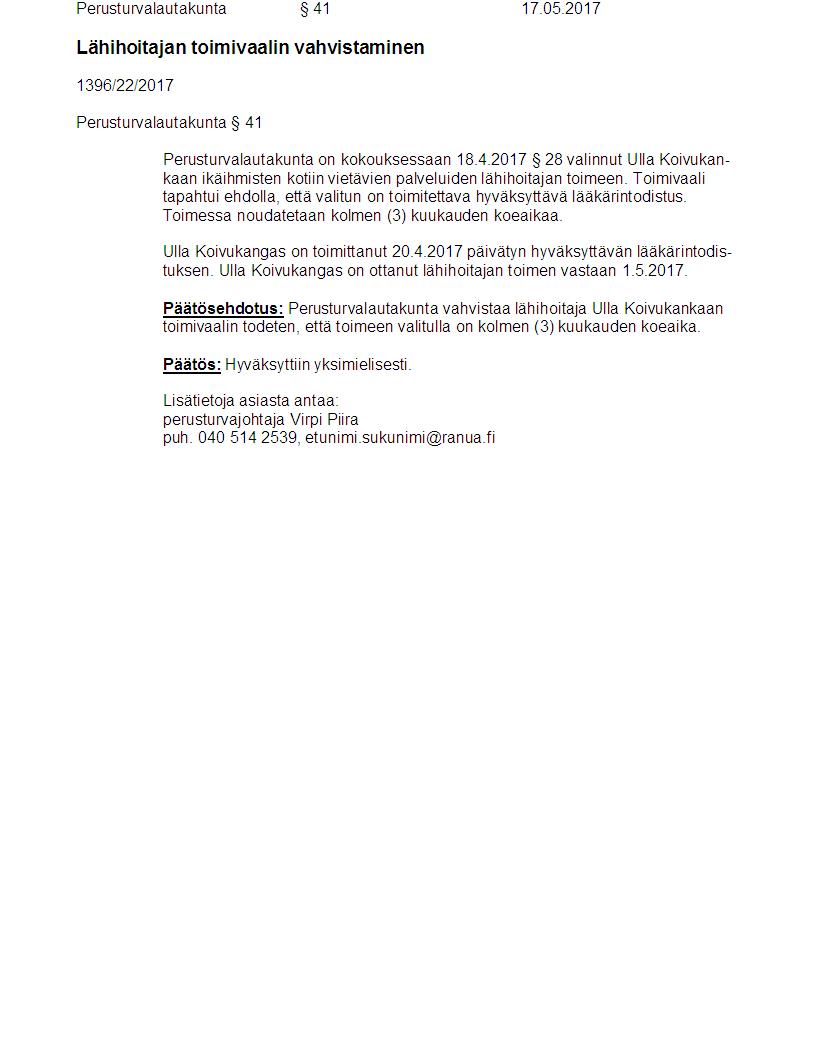 Pöytäkirja 17.05.2017 Pykälä 41
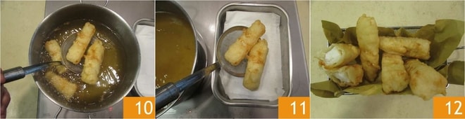 und tauchen Sie jeweils nur wenige Stücke auf einmal in das Öl: Sie sollten bei einer Temperatur von 180°C-190°C braten (der einzige Weg, um sicherzustellen, dass die Temperatur genau ist, besteht darin, ein Küchenthermometer zu verwenden) 10. Nach 7-8 Minuten sind die Filets goldbraun, heben Sie sie auf Küchenpapier ab 11 und fahren Sie mit dem Braten der übrigen fort. Nach dem Braten salzen Sie und genießen Sie Ihren römischen gebratenen Kabeljau (im Teigmantel) noch heiß 12.
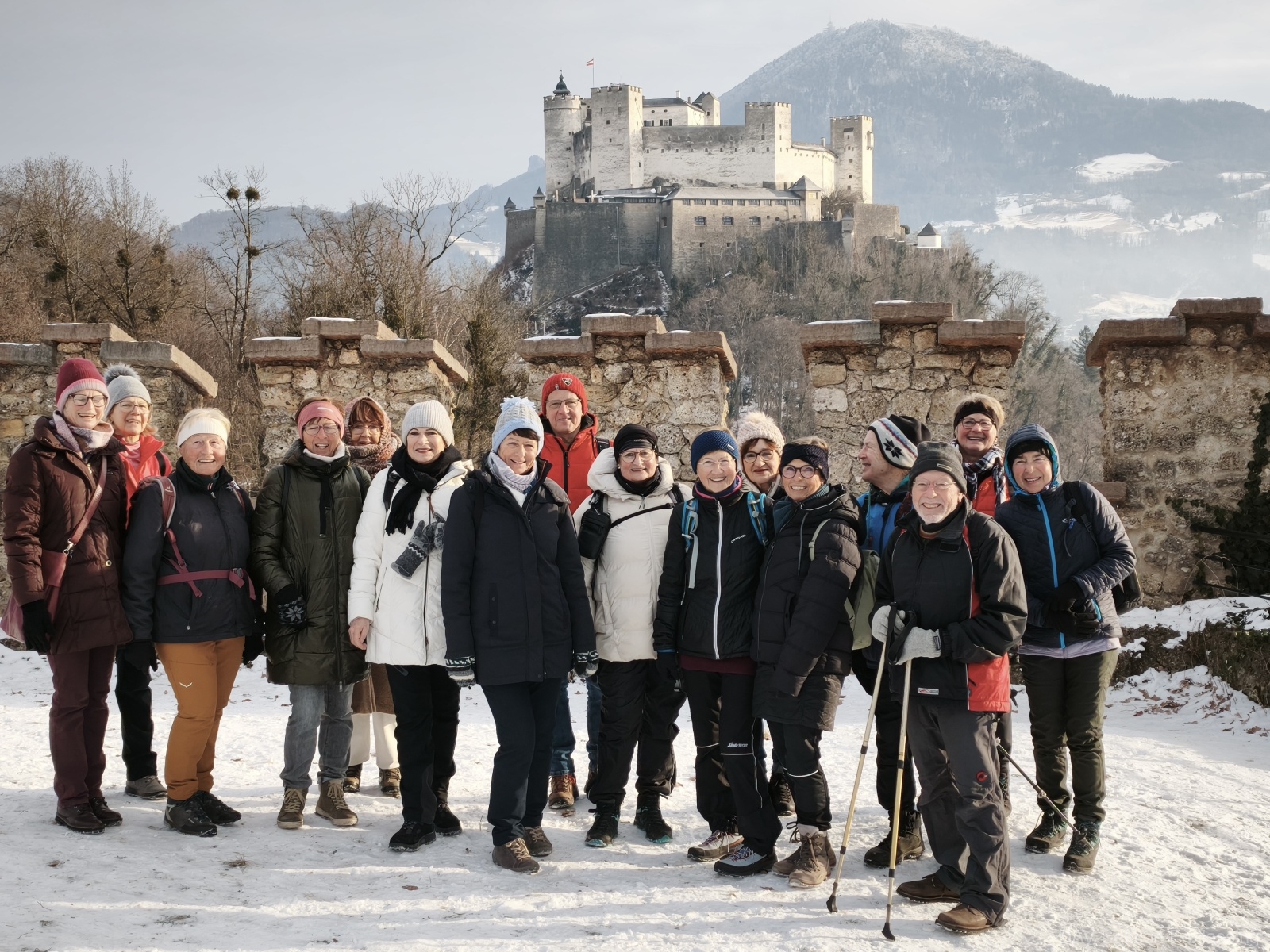 Am 07.01.2026 unternahmen 16 Senioren einen Ausflug zu den nahegelegenen Salzburger Hausbergen. Die Anreise nach Salzburg wurde per ÖPNV vorgenommen. In Mülln angekommen ging es gleich beim Augustinerbräu rechts den Mönchsberg hinauf. (Der Ortsteil Mülln hat seinen Namen von den vielen „Mühlen“ die damals noch in Betrieb waren, die Red.) Die eiskalte Witterung ließ schon gleich in der Frühe traumhafte Blicke auf die Stadt, die Festung und auch auf die etwas weiter entfernt liegende Bergwelt zu. Der erste Zwischenstopp war an der sog. Richterhöhe, wo auch das Gruppenbild entstand. Anschließend ging es weiter Richtung Stupa.
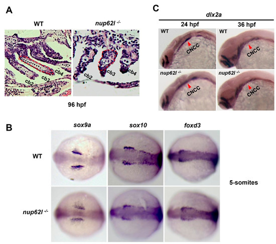 The cartilages of PA were reported to derive from CNCCs in zebrafish [45]. The formation of pharyngeal cartilages involves multiple steps, including specification of CNCCs, migration of CNCCs into seven pharyngeal segments, mesenchymal condensation formation and chondrocytes differentiation [3,6]. We first assessed the chondrocytes in PA through staining nup62l-mutants and WT siblings at 96 hpf with hematoxylin and eosin (H&E) followed by sagittal sections analysis. A large number of well-ordered chondrocytes were arranged normally within the arches of WT larvae, while a few of disorganized chondrocytes were noticed in impaired arches of nup62l-mutants (Figure 2A; Supplementary Figure S2A). To further identify the disrupted steps of cartilage formation by Nup62l deprivation, the expression of corresponding markers were detected with WISH. In nup62l-mutants, expression of the early crest markers sox9a, sox10 and foxd3 at 5-somites stage was unperturbed in comparison with that in WT controls (Figure 2B; Supplementary Figure S2B), indicating the specification of CNCCs occurred appropriately. Ventrolateral migration of CNCCs to PA was monitored by detecting the postmigratory neural crest marker dlx2a [46]. The expression of dlx2a was indistinguishable in WT and nup62l-mutants at 24 and 36 hpf (Figure 2C; Supplementary Figure S2C), suggesting an unaffected migratory behavior of CNCCs in nup62l-mutants.
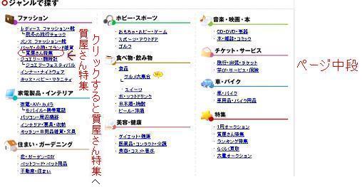 オークショントップページの検索窓よりも、ここでジャンル選択のクリック、
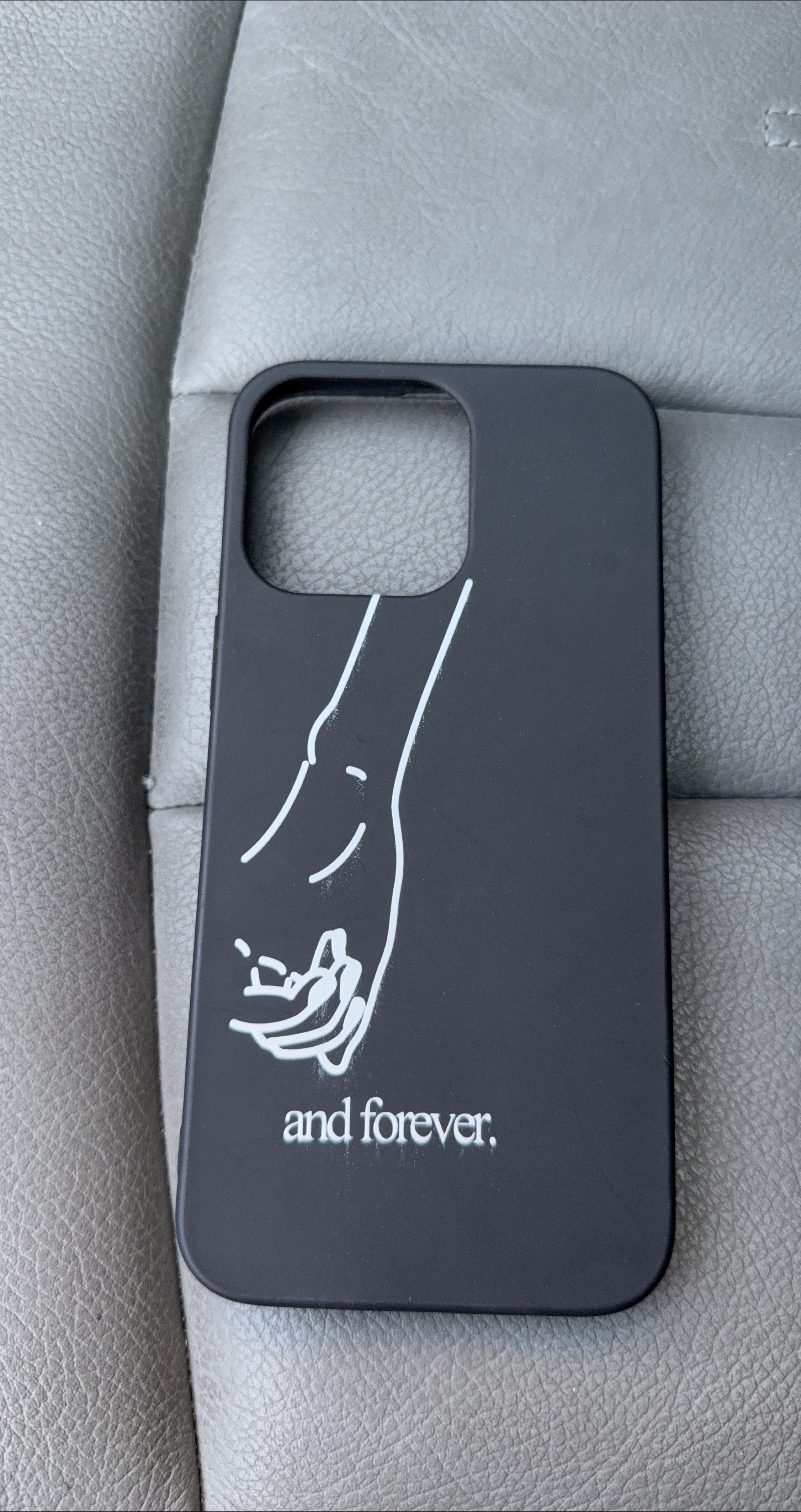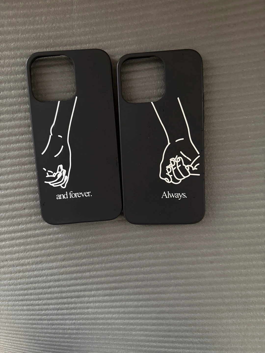 Selling a set of iPhone cases with cute designs. One says 'and forever.' and the other says 'Always.' They're in great condition!
........
Task prompt:
Return the entries above exactly, skipping any images.

Solved problem:
 Pöytäkirja 17.05.2017 Pykälä 41
 und tauchen Sie jeweils nur wenige Stücke auf einmal in das Öl: Sie sollten bei einer Temperatur von 180°C-190°C braten (der einzige Weg, um sicherzustellen, dass die Temperatur genau ist, besteht darin, ein Küchenthermometer zu verwenden) 10. Nach 7-8 Minuten sind die Filets goldbraun, heben Sie sie auf Küchenpapier ab 11 und fahren Sie mit dem Braten der übrigen fort. Nach dem Braten salzen Sie und genießen Sie Ihren römischen gebratenen Kabeljau (im Teigmantel) noch heiß 12.
 Am 07.01.2026 unternahmen 16 Senioren einen Ausflug zu den nahegelegenen Salzburger Hausbergen. Die Anreise nach Salzburg wurde per ÖPNV vorgenommen. In Mülln angekommen ging es gleich beim Augustinerbräu rechts den Mönchsberg hinauf. (Der Ortsteil Mülln hat seinen Namen von den vielen „Mühlen“ die damals noch in Betrieb waren, die Red.) Die eiskalte Witterung ließ schon gleich in der Frühe traumhafte Blicke auf die Stadt, die Festung und auch auf die etwas weiter entfernt liegende Bergwelt zu. Der erste Zwischenstopp war an der sog. Richterhöhe, wo auch das Gruppenbild entstand. Anschließend ging es weiter Richtung Stupa.
 The cartilages of PA were reported to derive from CNCCs in zebrafish [45]. The formation of pharyngeal cartilages involves multiple steps, including specification of CNCCs, migration of CNCCs into seven pharyngeal segments, mesenchymal condensation formation and chondrocytes differentiation [3,6]. We first assessed the chondrocytes in PA through staining nup62l-mutants and WT siblings at 96 hpf with hematoxylin and eosin (H&E) followed by sagittal sections analysis. A large number of well-ordered chondrocytes were arranged normally within the arches of WT larvae, while a few of disorganized chondrocytes were noticed in impaired arches of nup62l-mutants (Figure 2A; Supplementary Figure S2A). To further identify the disrupted steps of cartilage formation by Nup62l deprivation, the expression of corresponding markers were detected with WISH. In nup62l-mutants, expression of the early crest markers sox9a, sox10 and foxd3 at 5-somites stage was unperturbed in comparison with that in WT controls (Figure 2B; Supplementary Figure S2B), indicating the specification of CNCCs occurred appropriately. Ventrolateral migration of CNCCs to PA was monitored by detecting the postmigratory neural crest marker dlx2a [46]. The expression of dlx2a was indistinguishable in WT and nup62l-mutants at 24 and 36 hpf (Figure 2C; Supplementary Figure S2C), suggesting an unaffected migratory behavior of CNCCs in nup62l-mutants.
 オークショントップページの検索窓よりも、ここでジャンル選択のクリック、
 Selling a set of iPhone cases with cute designs. One says 'and forever.' and the other says 'Always.' They're in great condition!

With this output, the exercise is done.